What needs to be done | Look for the line containing "Apartamento novo, totalmente" and the line containing "The Forum will" in the entries below. Copy those two and all lines between them exactly, leaving out pictures.

:: Supplied material ::

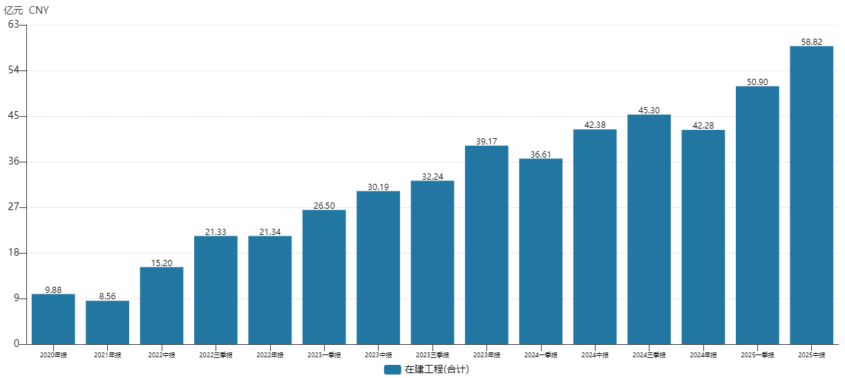 半导体制造需持续巨额投资,燕东微上市后在建工程快速增长:从2020年不足10亿元,增至 2025 年上半年的 58.82 亿元,超过同期固定资产(55.16 亿元),成为 A 股唯一在建工程超固定资产的晶圆制造企业。
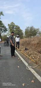 The snake appeared injured, possibly after being hit by a vehicle. It was safely rescued and released into a nearby water ditch by the forest team.
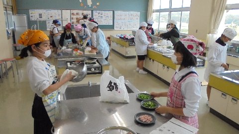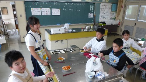 今週6年生の家庭科は調理実習でした。なにやら家庭室からいいにおいがしてきました。おいしくできたかな?何を作っている写真かわかりますか?
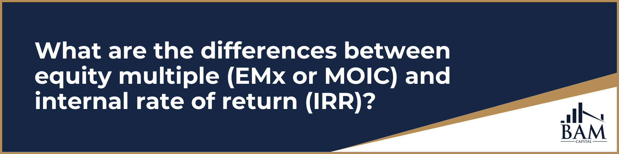 Investors often ask about the difference between an internal rate of return (IRR) and an equity multiple (EMx), which is the multiple on invested capital (MOIC). Multifamily real estate has a standardized method for assessing and comparing an investment’s financial performance, associated risks, and potential returns through quantitative metrics. Performance indicators, such as IRR and equity multiple (EMx or MOIC), enable data-driven decision-making when measuring a property’s profitability, rather than relying on qualitative information.
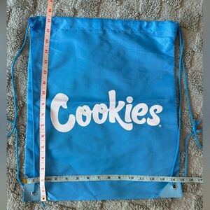 NWOT Bright blue drawstring bag backpack with Cookies logo.
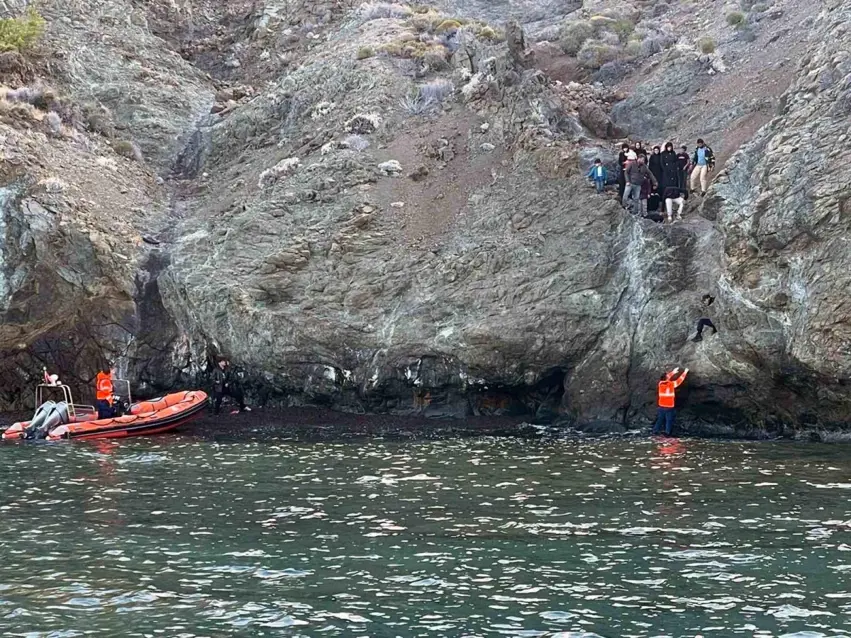 PeyamaKurd - Muğla'nın Datça ilçesine bağlı Aktur Tatil sitesinin karadan ulaşımı olmayan bölgesinde, Sahil Güvenlik Botları tarafından bir grup düzensiz göçmen yakalandı. Yakalanan göçmenler arasında 9 çocuk da bulunuyor.
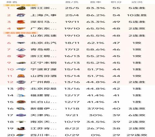 CBA最新积分榜
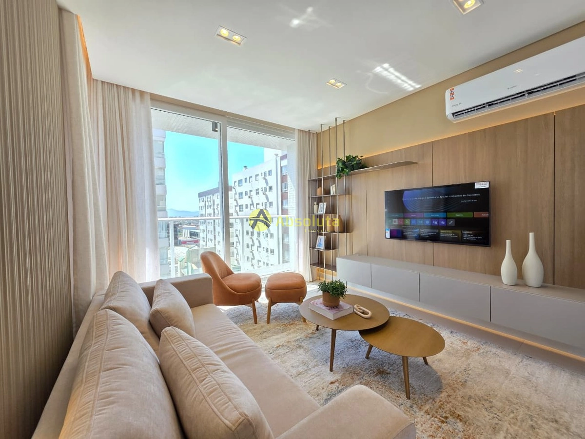 Apartamento novo, totalmente mobiliado e decorado, composto de 3 dormitórios, sendo um deles suíte, banheiro social, lavabo, living amplo, composto de cozinha estilo americana, área de serviço separada, sala de estar e jantar integradas, sacada separada com acesso por uma porta janela, que proporciona mais ventilação e iluminação natural, vista para o mar, serra e lagoa, mais dois box de estacionamento.
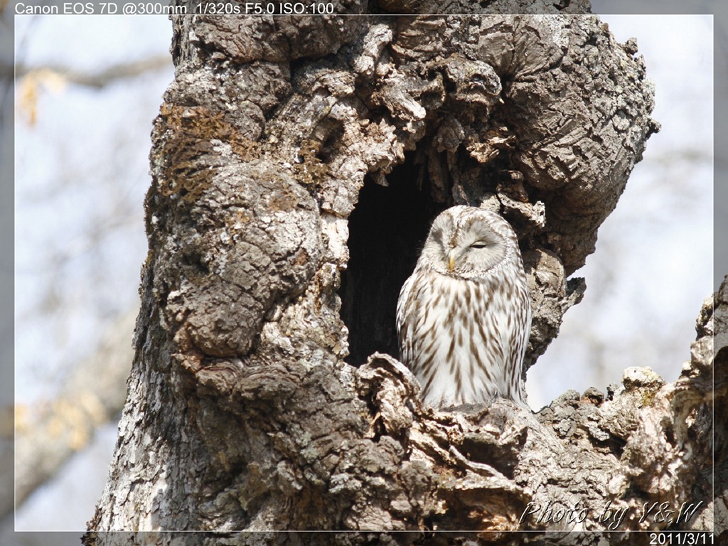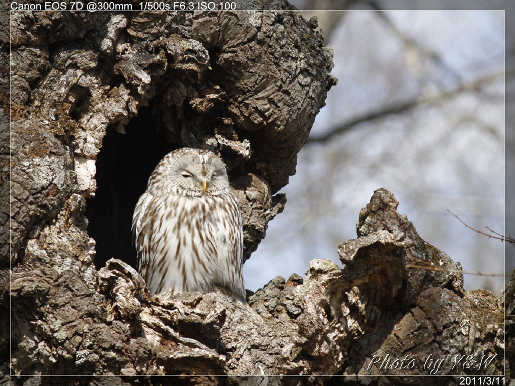 告別了丹頂鶴的舞台,下一站將拜訪森林賢者-長尾林鴞(Strix uralensis)。長尾林鴞主要活動於歐亞大陸北邊的亞寒帶森林中,是黑夜中的獵者,主要捕食小型哺乳動物及其他鳥類。白天是他休息睡眠的時間,多半在樹洞中打盹。出發前,安藤桑還特別說到,萬一牠躲在樹洞較深處,恐怕很難見到牠的全貌。到了現場,長尾林鴞倒也沒讓遠道而來的我們失望,大辣辣地站在樹洞口,睡眼朦朧略帶無辜的眼神顯得特別可愛。
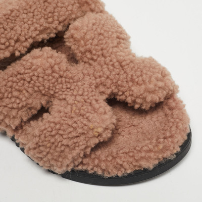 Hermes Beige Shearling Fur Chypre Flat Sandals Size 39 1228175 (бежевый, lpn31045558)
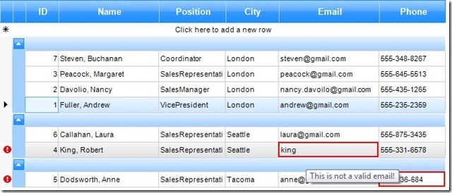 public class Employee : IDataErrorInfo{ //... [Browsable(false)] public string Error { get { if (!IsEmailValid() || !IsNameValid() || !IsPhoneValid()) { return "Please enter valid data in this row!"; } return string.Empty; } } public string this[string columnName] { get { if (columnName == "Email" && !IsEmailValid()) { return "This is not a valid email!"; } //... return string.Empty; } } // ...}
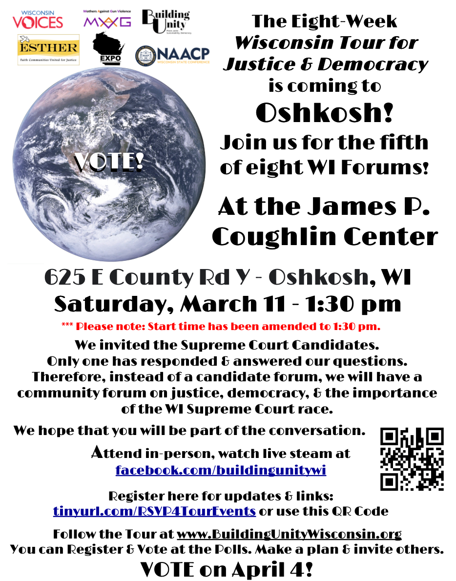 The Forum will be live-streamed to Facebook and may also be available to the public by Zoom. Register here for the Zoom Connection: https://bit.ly/scforum-OSHKOSH
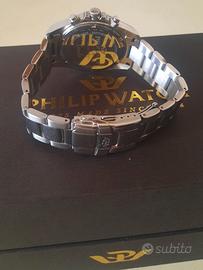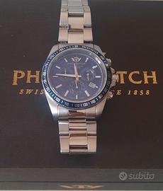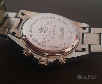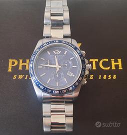 Cronografo Philip Watch ORIGINALE modello Caribe Cassa 42 mm. Corona e Fondello a vite.10 Atm. Sub 100 m. Vetro Zaffiro. Quadrante Blu. Completo di scatola come foto. Ottime condizioni. Perfettamente funzionante in tutto. Cinturino con tutte le maglie. Anche per polsi Grandi. NON VENDO A MENO DEL PREZZO RICHIESTO. Philip Watch - Tissot - Bulova - Mondia - Altanus - Sector - Breil
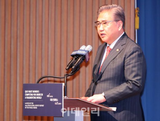 [이데일리 방인권 기자] 박진 외교부 장관이 6일 서울 중구 대한상공회의소에서 '세계, 어디로 가고 있는가: 파편화된 세계 속 질서를 위한 경쟁'을 주제로 열린 2023 NEAR 글로벌 서베이 보고서 발표 국제콘퍼런스에서 축사를 하고 있다.
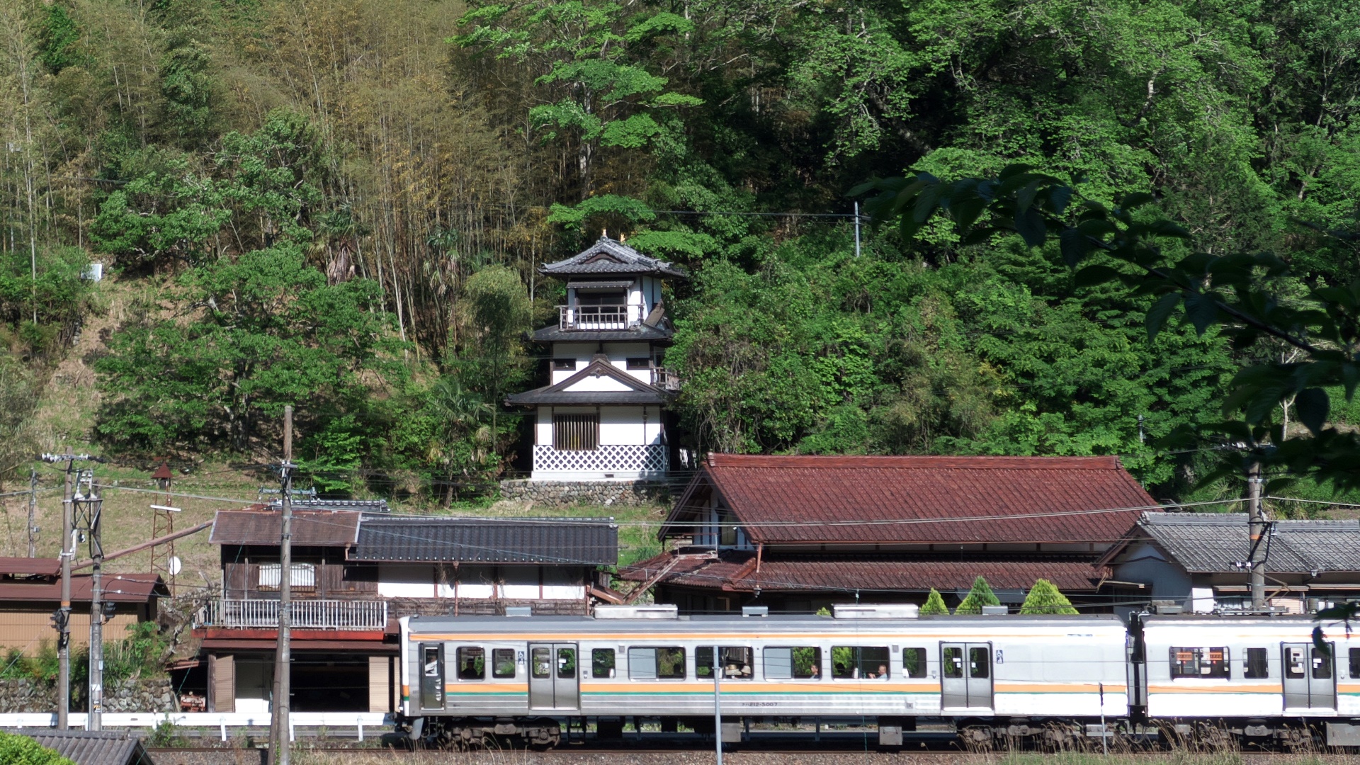 | JR飯田線・出馬駅近くにある天守風建物。 個人所有なのか何の用途かわからないが、なかなかの建物 |
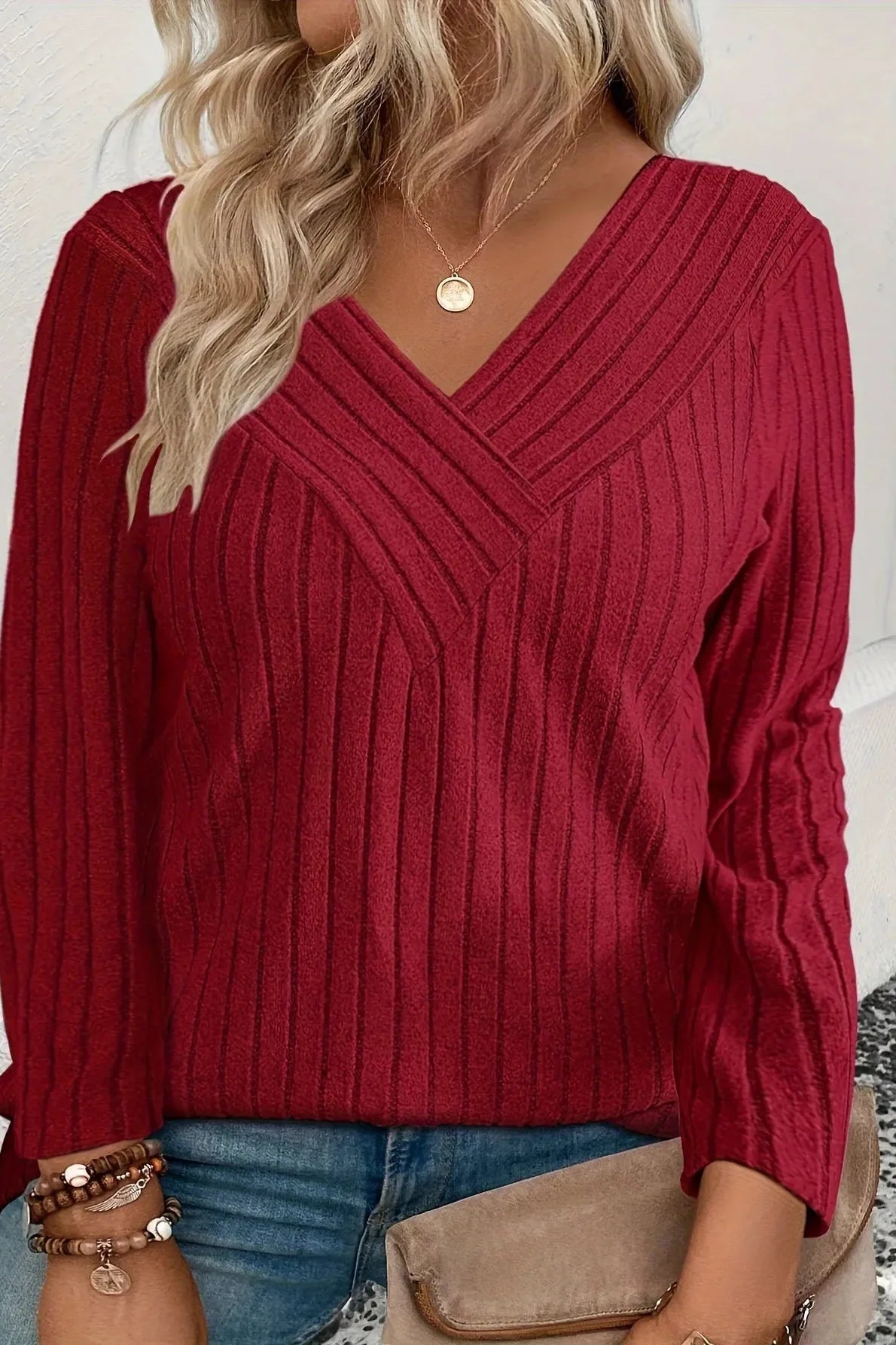 우아한 캐주얼 플러스 사이즈 긴팔은 몸매를 돋보이게 하고, 흐르며, 딱 맞는 느낌을 주도록 만들어졌습니다. 부드러운 리브 니트, 여유로운 핏, 그리고 세심하게 배치된 랩 스타일의 솔기가 일상적인 옷장에 세련된 멋을 더하면서도 편안함을 잃지 않게 합니다. 깊은 V넥라인은 자신감을 높여주는 실루엣을 제공하며, 넉넉한 컷은 곡선을 부드럽게 감싸주어 수월하면서도 우아한 룩을 연출합니다. 이 상의를 독특한 주얼리와 함께 스타일링하든, 청바지와 함께 편안하게 입든, 이 탑은 당신과 함께 움직이며 준비하는 과정을 쉽게 만들어 줍니다.
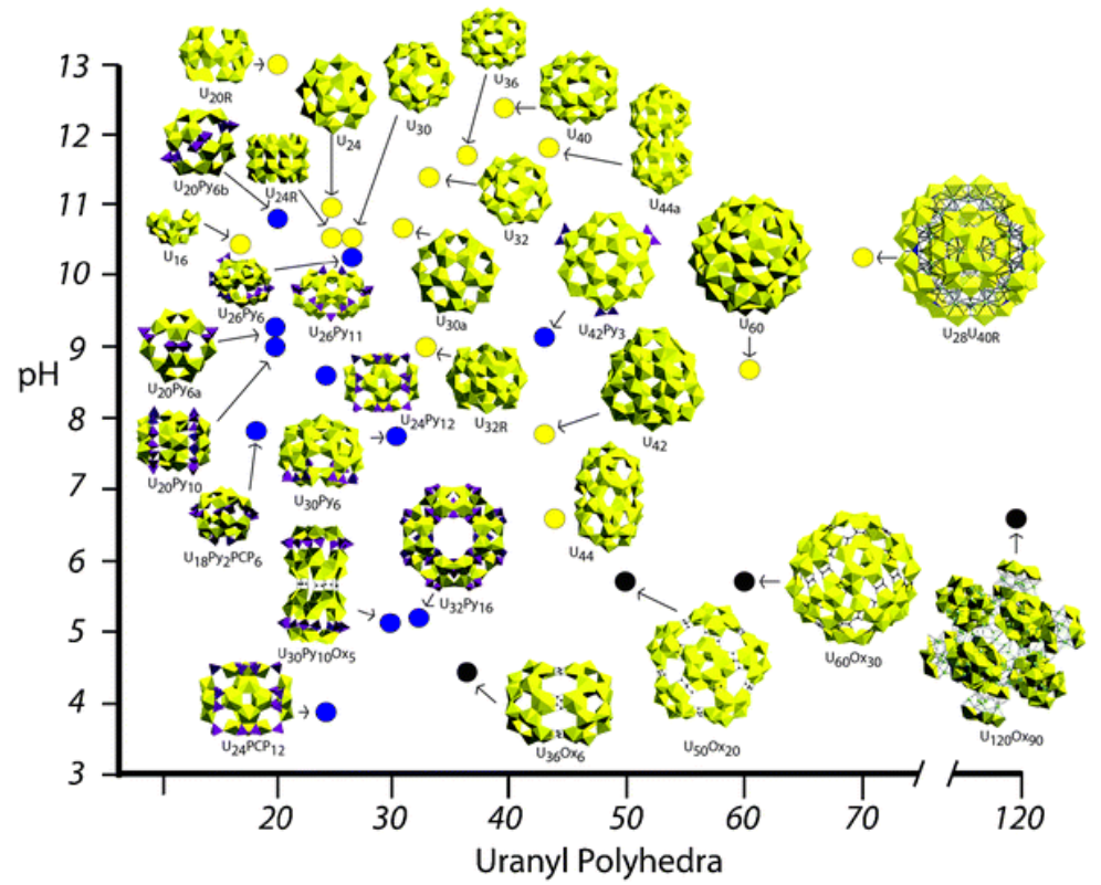 Abstract: Uranium (U) separation from spent nuclear fuel is an area of current research interest as reprocessing and advanced fuel development are important for fully utilizing nuclear energy resources. Currently reprocessing requires dissolution of UO2 fuel pellets in nitric acid mediawhich yields the U(VI)O22+ cation which can be separated via the PUREX process. However; radiolysis of aqueous solution can generate reactive oxygen species (ROS) such as •OH, O2•-, e–(aq) , •H, and H2O2 that cause extractant degradation and the high concentrations of HNO3 are severe explosion, corrosion, and fire hazards. An alternative to this process is a CARBonate EXtraction method, termed CARBEX that in several studies has show to both be capable of dissolving and extracting U from UO2 in an elevated pH (pH = 7-10). Problems may arise though from large amounts of H2O2 added to aid in dissolution that will also generate ROS through H2O2 decomposition. This thesis intends to further understand solution state speciation and ROS interactions with UO22+ at similar pH conditions. Hydrothermal and photochemical synthetic methods were used for generating and in a few cases binding ROS with UO22+ through H2O2 decomposition. In general, hydrothermal and photochemical reactions both can produce UPCs while photochemical reactions were also found to produce peroxide dimers. All compounds were structurally characterized using single crystal X-ray diffraction and vibrational modes were assigned using Raman and infrared spectroscopies. ROS were first detected via a colorimetric assay and further characterization of the radical species required electron paramagnetic resonance spectroscopy (EPR) studies. Free radical identification was done using spin trapping methods in aqueous solutions where •OH and O2•-were found to be present in UPCs and O2•-. Only O2•- was found to be stable within UPCs while •OH caused a loss of crystallinity overtime seen during x-ray diffraction studies.

:::

Your response |
 Apartamento novo, totalmente mobiliado e decorado, composto de 3 dormitórios, sendo um deles suíte, banheiro social, lavabo, living amplo, composto de cozinha estilo americana, área de serviço separada, sala de estar e jantar integradas, sacada separada com acesso por uma porta janela, que proporciona mais ventilação e iluminação natural, vista para o mar, serra e lagoa, mais dois box de estacionamento.
 告別了丹頂鶴的舞台,下一站將拜訪森林賢者-長尾林鴞(Strix uralensis)。長尾林鴞主要活動於歐亞大陸北邊的亞寒帶森林中,是黑夜中的獵者,主要捕食小型哺乳動物及其他鳥類。白天是他休息睡眠的時間,多半在樹洞中打盹。出發前,安藤桑還特別說到,萬一牠躲在樹洞較深處,恐怕很難見到牠的全貌。到了現場,長尾林鴞倒也沒讓遠道而來的我們失望,大辣辣地站在樹洞口,睡眼朦朧略帶無辜的眼神顯得特別可愛。
 Hermes Beige Shearling Fur Chypre Flat Sandals Size 39 1228175 (бежевый, lpn31045558)
 public class Employee : IDataErrorInfo{ //... [Browsable(false)] public string Error { get { if (!IsEmailValid() || !IsNameValid() || !IsPhoneValid()) { return "Please enter valid data in this row!"; } return string.Empty; } } public string this[string columnName] { get { if (columnName == "Email" && !IsEmailValid()) { return "This is not a valid email!"; } //... return string.Empty; } } // ...}
 The Forum will be live-streamed to Facebook and may also be available to the public by Zoom. Register here for the Zoom Connection: https://bit.ly/scforum-OSHKOSH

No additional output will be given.